A transmutação de uma pintura

Por Luiz Joaquim | 27.07.2012 (sexta-feira)

É raro um filme que já em suas imagens de abertura explica de forma competente uma síntese da sua pontencialidade plástica e narrativa. O que não é raro são a discussão e as tentativas de adequações de outras obras de arte para o cinema. “O Moinho e A Cruz” (O mylos kai o stavros, Pol., 2011), de Lech Majewski que estreia no Cinema da Fundação, é talvez a mais bem sucedida no campo da adaptação de uma pintura para um filme. O quadro que serve de base para tudo é, no caso, “O Caminho do Calvário”, do artista plástico no século 16, dos Países Baixos, Pieter Bruegel.

Como criar vínculos entre personagens e histórias a partir e uma perspectiva única e bidimencional, a do quadro de Bruegel? Considerando a obra deste artista – cuja imagem reúne vários personagens –, o trabalho de Majewski se dividiu em duas partes.

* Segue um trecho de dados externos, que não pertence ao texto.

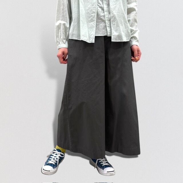 程よく巾をとった、すっきりとしたキュロットパンツは、トップスを選ばず着用頂けます。
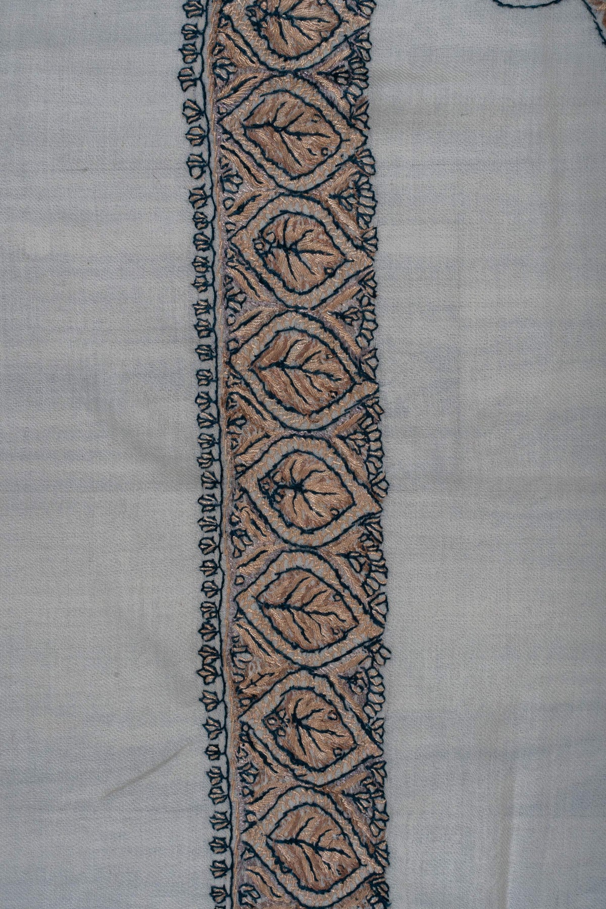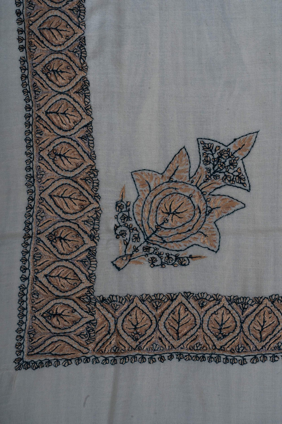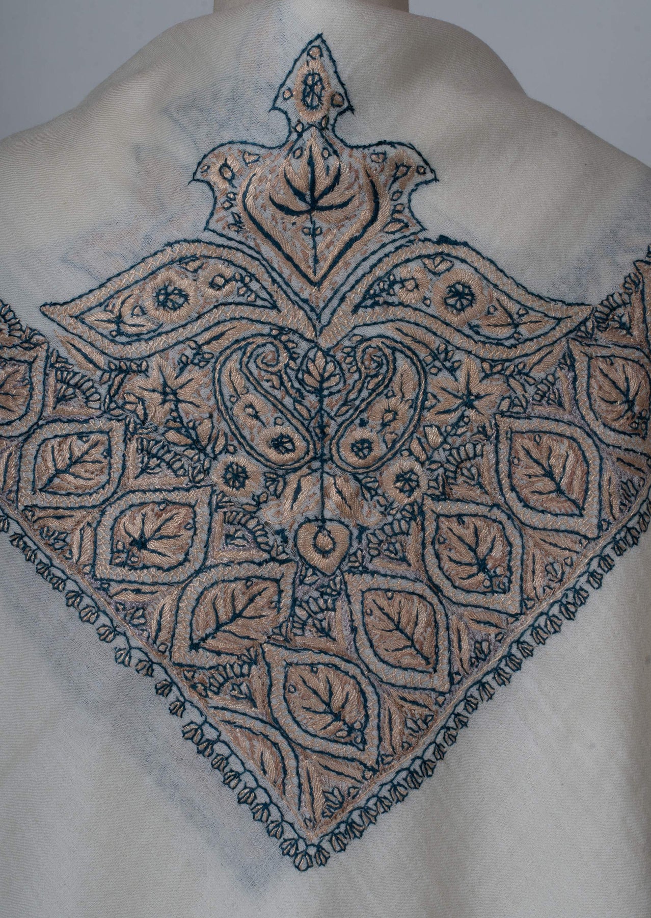 Wrap yourself in the elegance of Kashmir with the Sandstone Leaf Rumal 58 inches — Sozni Hand Embroidered, a hand-embroidered masterpiece designed for both tradition and modern grace. Crafted from Merino Wool, this Rumal is feather-light, breathable, and smooth against the skin. Measuring 58 x 58 inches square, it is ideal for styling as a tarha/hijab, shoulder wrap, or a refined everyday layer.
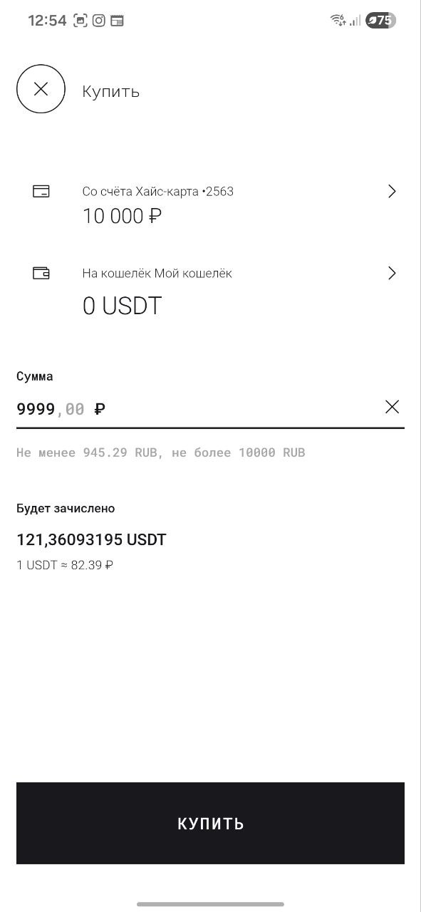 Покупка на карту USDT 82,8 р
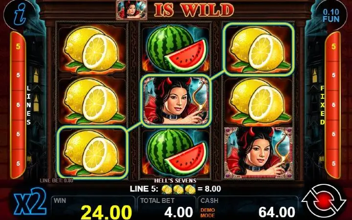 Hells Sevens je klasičan slot koji ima tri kolone smještene u tri reda i ima pet fiksnih isplatnih linija. Da biste ostvarili bilo kakav dobitak potrebno je spojiti tri podudarajuća simbola na isplatnoj liniji.
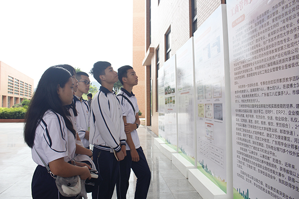 为学习贯彻《国务院关于加快发展现代职业教育的决定》和《国家职业教育改革实施方案》精神,积极宣传习近平总书记关于“德技并修、工学结合”的重要指示精神,宣传全国教育大会“德智体美劳”的教育方针,5月7日,我校于图书馆中厅举行主题为“迎祖国七十华诞 展职教时代风采”河职院2019年职业教育周——教学成果展活动,我校校长陈德清,副校长陈农心,校团委干部,师生代表,广东生态工程学院师生代表以及河源技工学校学生代表均出席了此次活动。
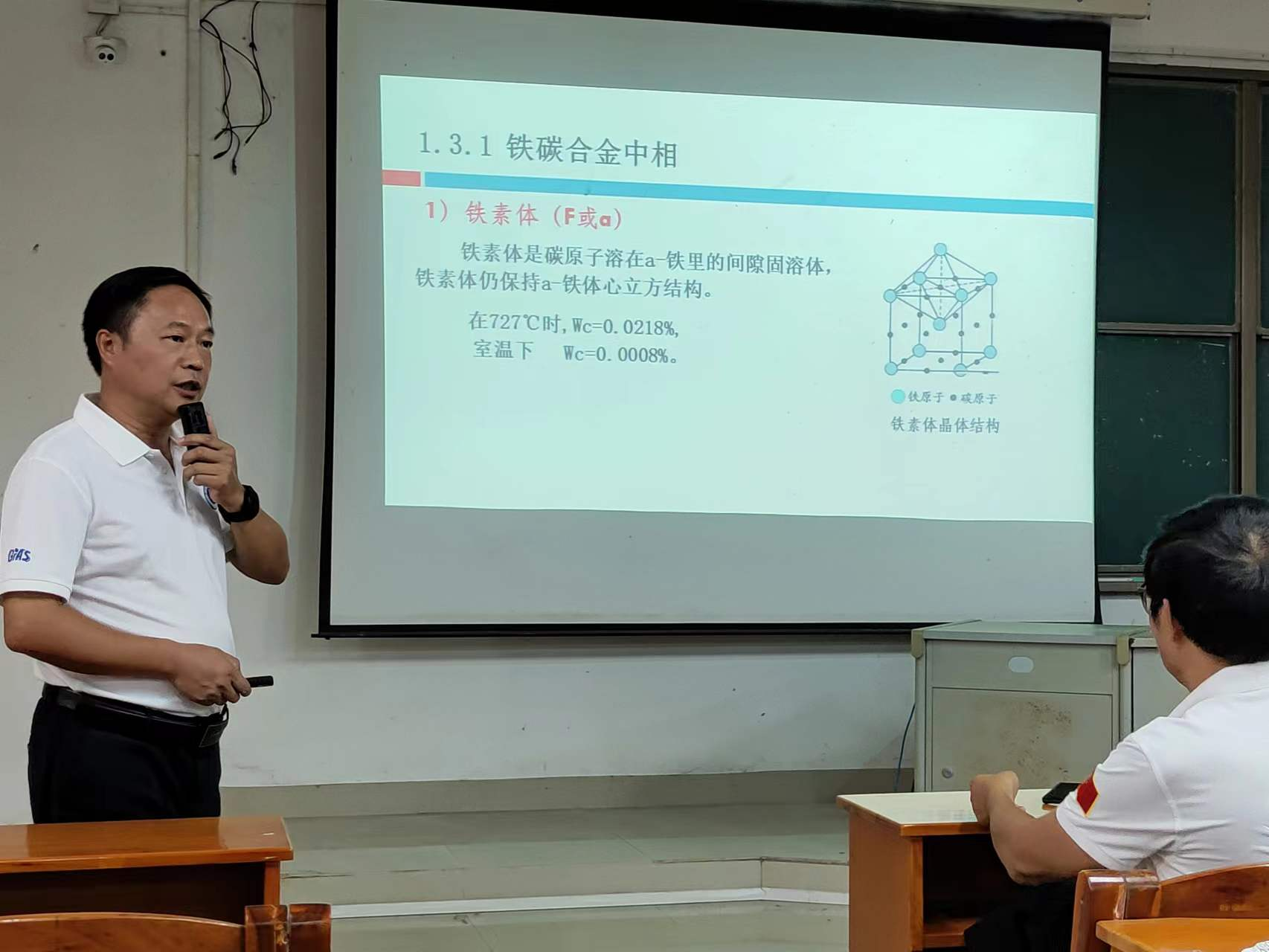 18日下午,我院杨根喜教授在教学楼A204教室讲授《机械制造基础》示范公开课。本次杨教授讲授的单元为《铁碳合金中的相及相图的基本概念》,在本次公开课中,杨教授的教学设计思路清晰,目标能力明确,知识由浅入深,完全符合职业教育的本质要求,课程思政元素融入巧妙得当,起到了润物细无声的效果。整个教学过程体现了老师主导、学生主体地位,培养学生思考、分析和解决问题的能力。杨教授教态端庄,教学准备充分,语言规范,语速适中,重点突出,层次清楚,充分展示了扎实的教学基本功和课堂设计驾驭能力,取得了良好的教学效果,得到了老师们的一致好评。

Recriar e interligar as situações de alguns destes personagens que inspiraram o pintor, e usar o próprio cenário em tintas de Bruegel para funcionar como paisagem destas situações.

É provável que ninguém, até hoje, tenha fundido imagens reais, fotografadas com atores, com expressões concretas de uma pintura de maneira tão hipnótica e numa comunhão tão orgânica quanto Majewski faz aqui. E para atar os pontos de ligação das situações dos personagens, as mãos de Majewski seguem a maneira mais eloqüente que o cinema pode produzir, ou seja, ele pouco se utiliza de diálogos.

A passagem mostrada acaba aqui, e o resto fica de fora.